She had set up defenses, in this broken state, intending to keep in it. Shields for the lack of--only because she knew that there would be those who would not easily let her perish herself from the world around her so easily. 

She would force her heart to a dull throb, force her brain to a buzzing, unthinking mess. She wouldn't let the pain of others by her get to her--it was the only way to protect them, the only way to finally let herself embrace death without regret.

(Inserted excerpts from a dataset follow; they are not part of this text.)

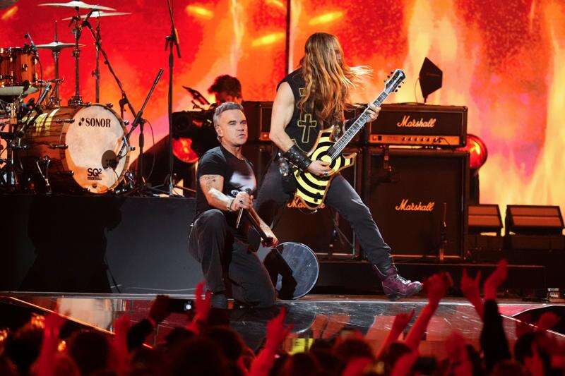 Robbie Williams lead a tribute to the late Ozzy Osbourne, who died last year. Williams was joined by Black Sabbath members, performing a special arrangement of “No More Tears.”
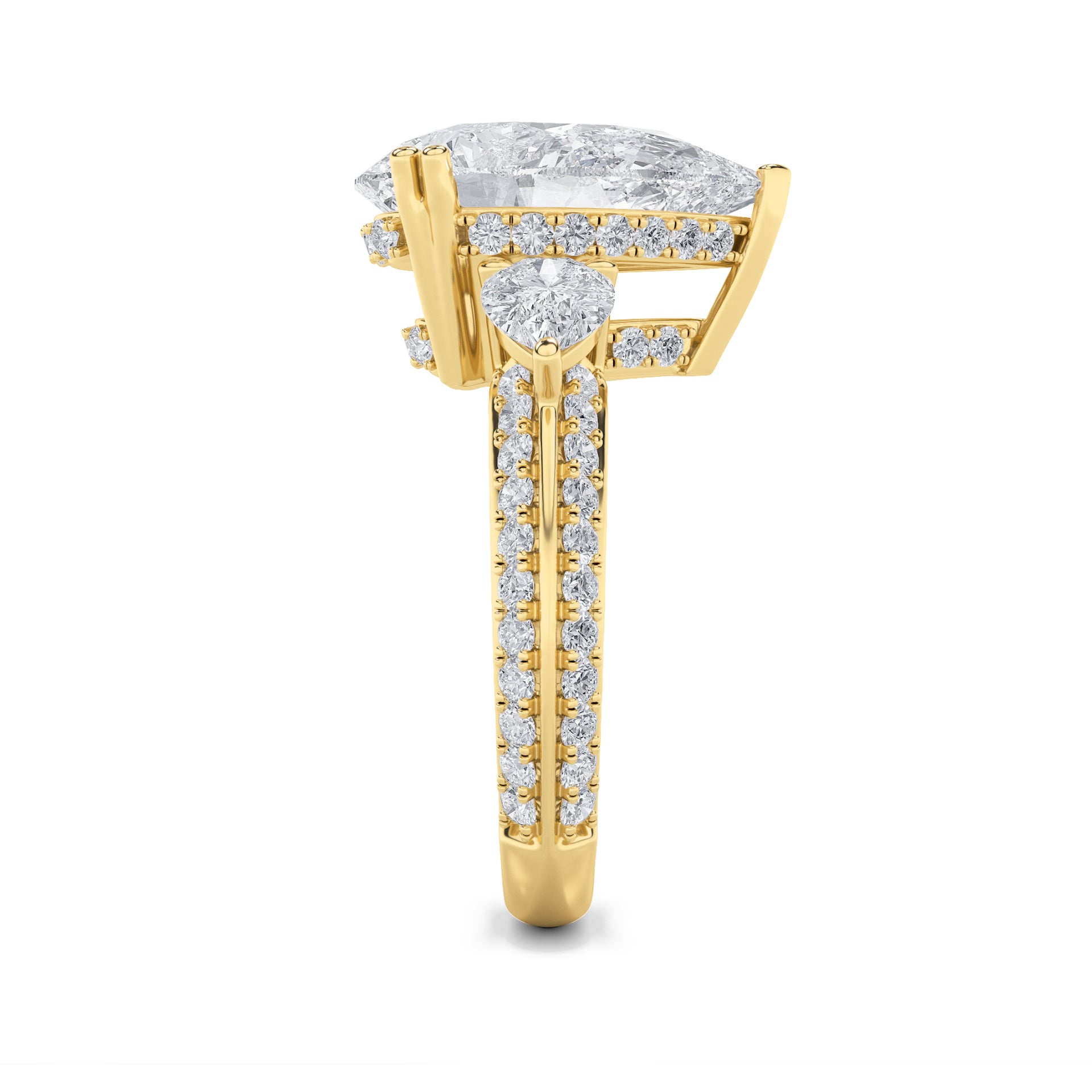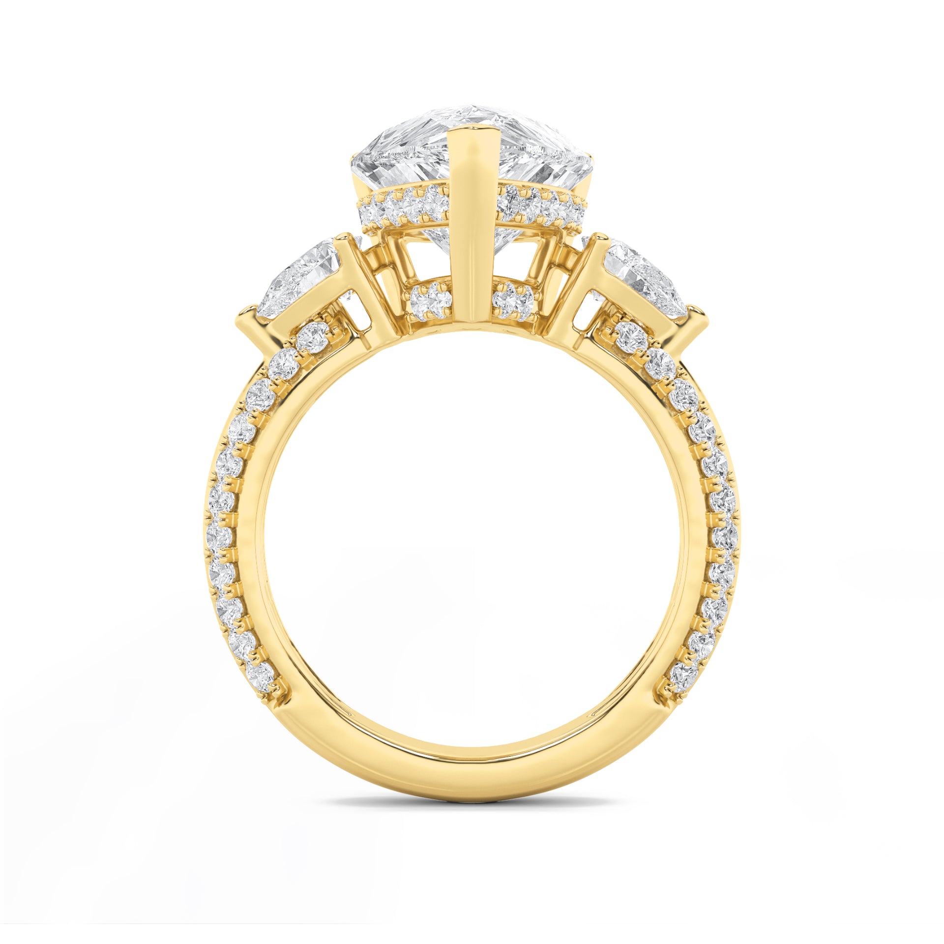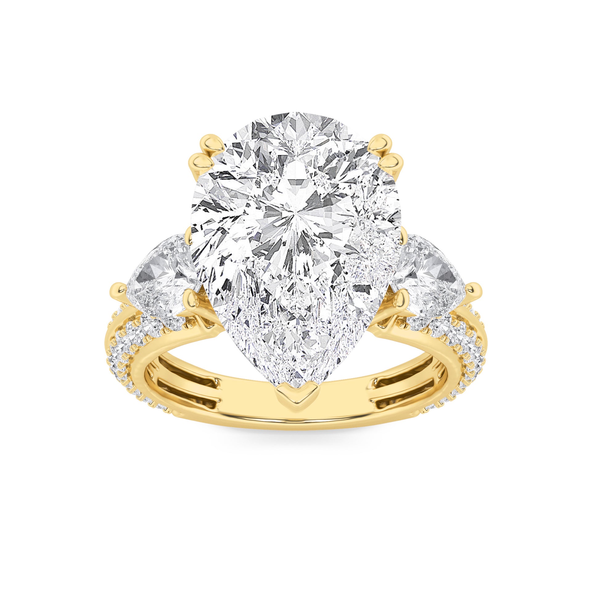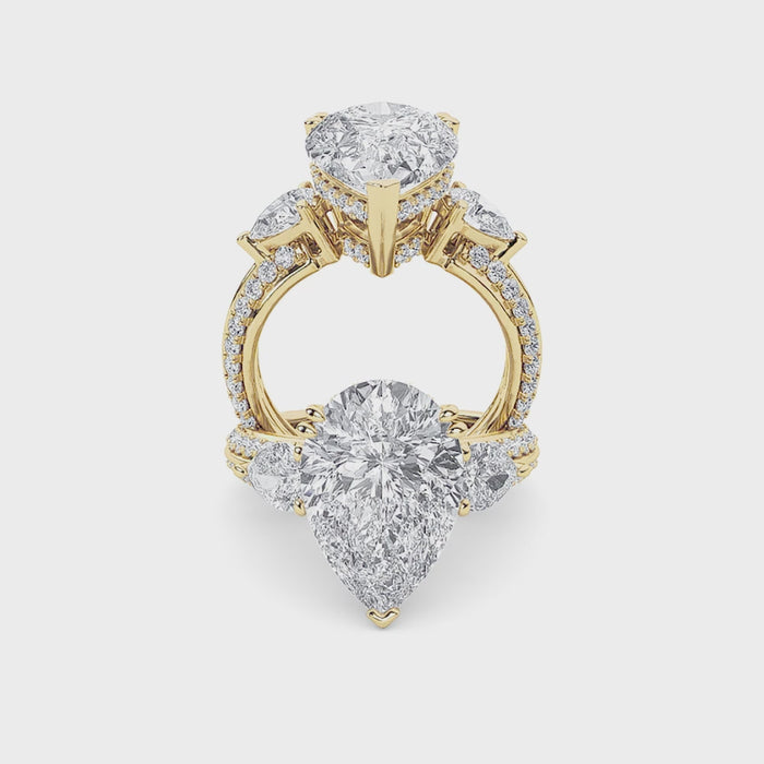 Celebrate life’s most cherished moments with this heirloom ring, starring a bold pear-cut diamond flanked by pear side stones. Pavé detailing enhances the sparkle, creating an elegant symbol of commitment and style.
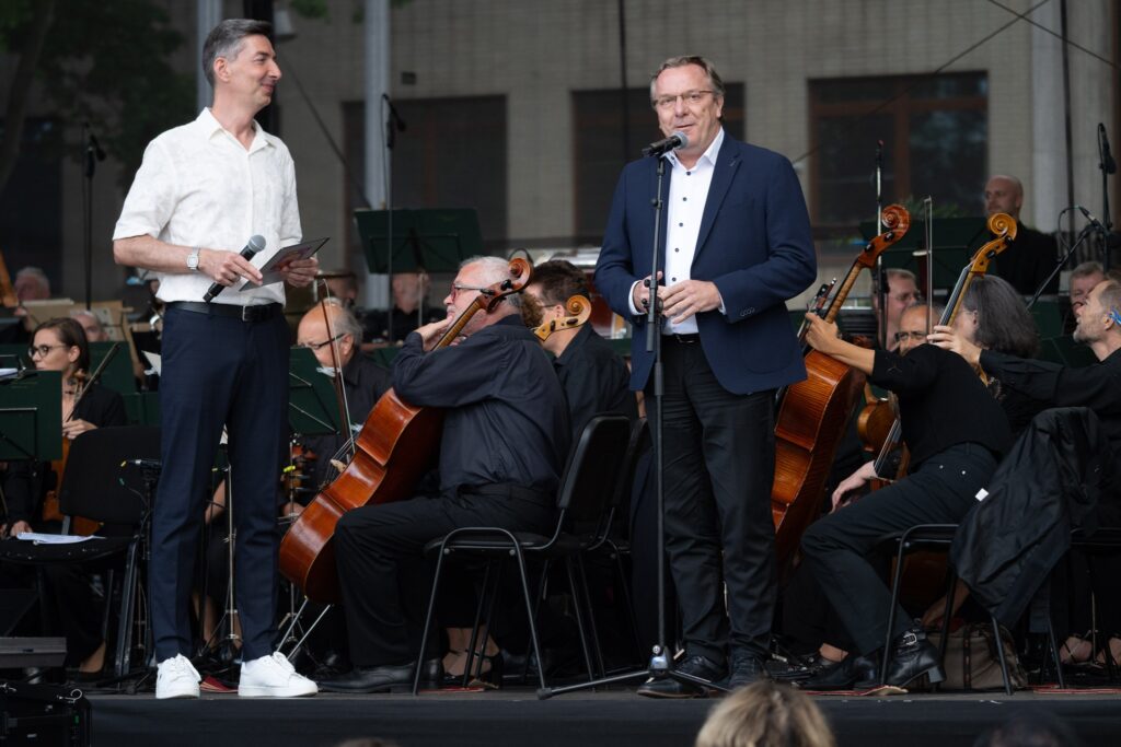 Open air koncerty majú vždy jedinečný charakter. Nie sú viazané na tradičné koncertné priestory, ľudia sa nemusia prispôsobovať striktnému „režimu“ – čas, oblečenie, komfort, voľba publika, žánrové preferencie, pri týchto koncertoch nehrajú rolu. To, že ide o nádhernú tradíciu podujatí pod holým nebom, vyzdvihol v úvode aj generálny riaditeľ Slovenskej filharmónie Marián Turner. Počasie Slovenskej filharmónii prialo, aj keď to v prvej polovici nedeľňajšieho dňa nevyzeralo ideálne, no napokon aj mraky cúvli pred týmto projektom. „Robíme tieto koncerty spoločne s BKIS ako dar Bratislavčanom, obyvateľom tohto mesta. Máme výborné ohlasy,“ povedal Marián Turner, ktorý dodal, že aj vďaka týmto koncertom sa im zvýšil počet abonentov. Pozval všetkých aj na ďalšie septembrové „chuťovky“: v rámci festivalu Symfónia umenia Slovenská filharmónia vystúpila s opernou superstar Jonasom Kaufmannom a budú účinkovať aj s charizmatickým talianskym tenoristom Andreom Bocellim.

It started with Annsuel, though she had been the hardest, the test to see if she could force herself to utter out foreboding intentions. It was quick; it felt like it had never happened, though left a heavy drape upon her heart, even past the deluding alcohol. 

"Indignation is dead, and so shall be our friendship."

And so, Zurich walked away in the loud wake of Ann's silence.

She encountered Catilyn on her daily walk to Combe. Catilyn's sobs and pleads, as Zurich would give her the same treatment, echoed in her head. 

"You can't--You can't leave me! I'm dead if you do!"

Zurich felt bitter humor tumbling into her stomach, making her feel sick, yet wanting to laugh as she'd pause, head turning back to utter her final retort.

"Life isn't kind enough t'let people like us die."

And so she left her, in the fear worse than death; the yearning of it, the ungodly desire to die, and being unable to trick fate into finally letting it happen, in the midst of all things that had nearly killed you. 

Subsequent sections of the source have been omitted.